You really wanna argue over the semantics of "shitty"? Let's just use "wrong", or "unethical", and this entire debate boils down to the semantics of those words; is it, or is it not "shitty".
Let's examine a few hypotheticals: A girl is in the midst of her final exams, and her boyfriend decides its time to end it. He decides to wait till she is done, so that she can focus on her exams without distractions. He flirts with some girls, get's some phone numbers and intends to pursue them, but does not have sex with them. Is he an asshole?
A woman is thinking of leaving her boyfriend. She is not sure, but she is thinking about it. During this time she develops feelings for someone in her life. Could be co-worker, friend of a friend, personal trainer or whatever. She did not actively pursue other people, but it happened. Finally, she decides it's time to end it.

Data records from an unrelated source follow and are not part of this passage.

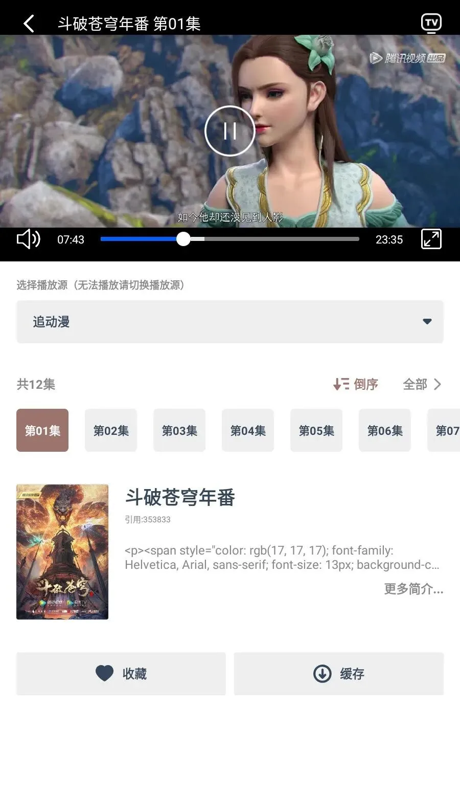 4、在视频播放方面,软件支持投屏观看、倍速播放以及自由切换番剧的播放源,此外大家还可以下载缓存自己喜欢的番剧哦~
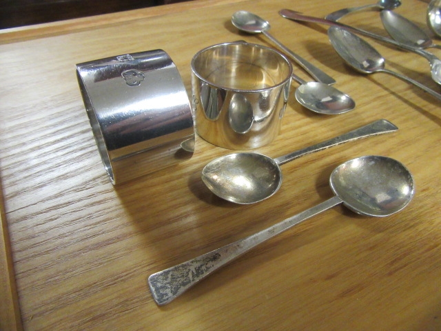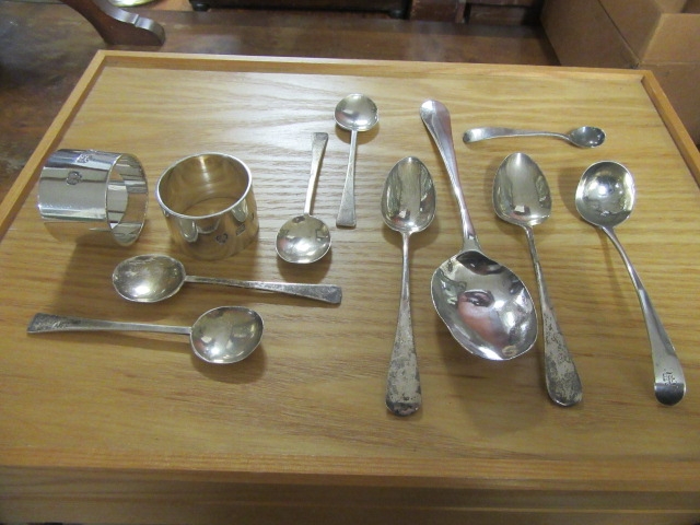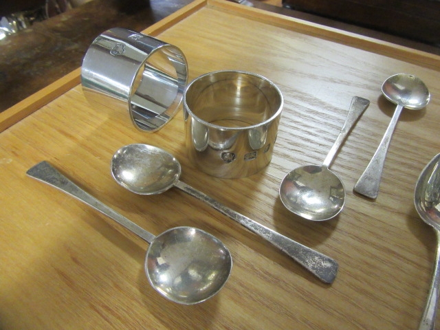 QUANTITY OF SILVER ITEMS INCLUDING A PAIR OF NAPKIN RINGS ETC
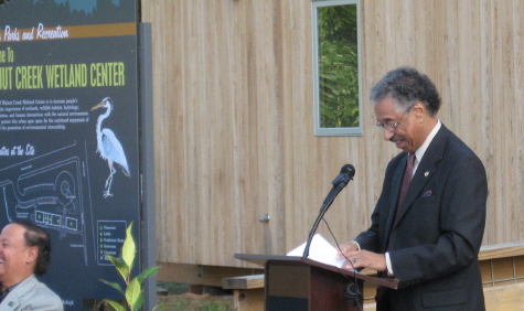 Dr. Norman Camp listened to Mayor Charles Meeker, city councilman James West and park officials speak about the new center. Then the founder of Partners for Environmental Justice , and the man who sheperded this project into being, got up and spoke of the center as a shining new gem in Raleigh’s crown,” as quoted on Raleigh Eco News.
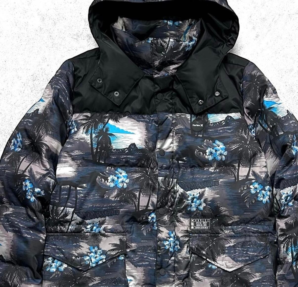 入手困難 Hurley ハーレー ハワイアンプリント 総柄 サーフ フード付 ダウンジャケット の出品になります!
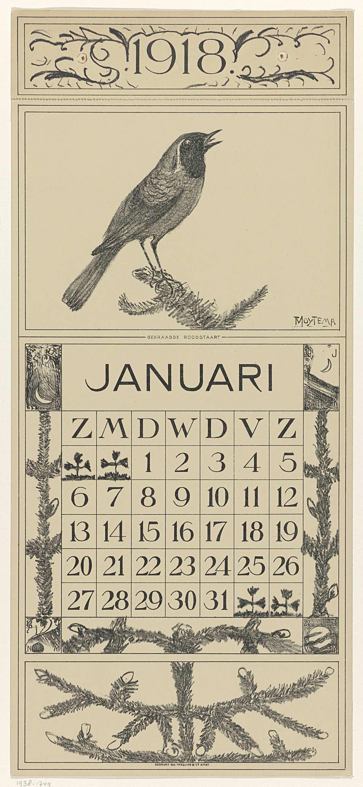 Kalenderblad januari met gekraagde roodstaart

Is she a bad person?
A woman is with a man just because he is rich, or because she needs a visa, or whatever. She keeps stringing him along, but is actually actively pursuing other options. Is she a bad person?
I would say no, no and yes. My point being that it isn't black and white. You cant make a set of rules that can be applied to every single situation to determine right or wrong. It can be shitty, and it can be OK. It's entirely contextual, and that's my point. Leaving someone for someone else in and of itself is not wrong.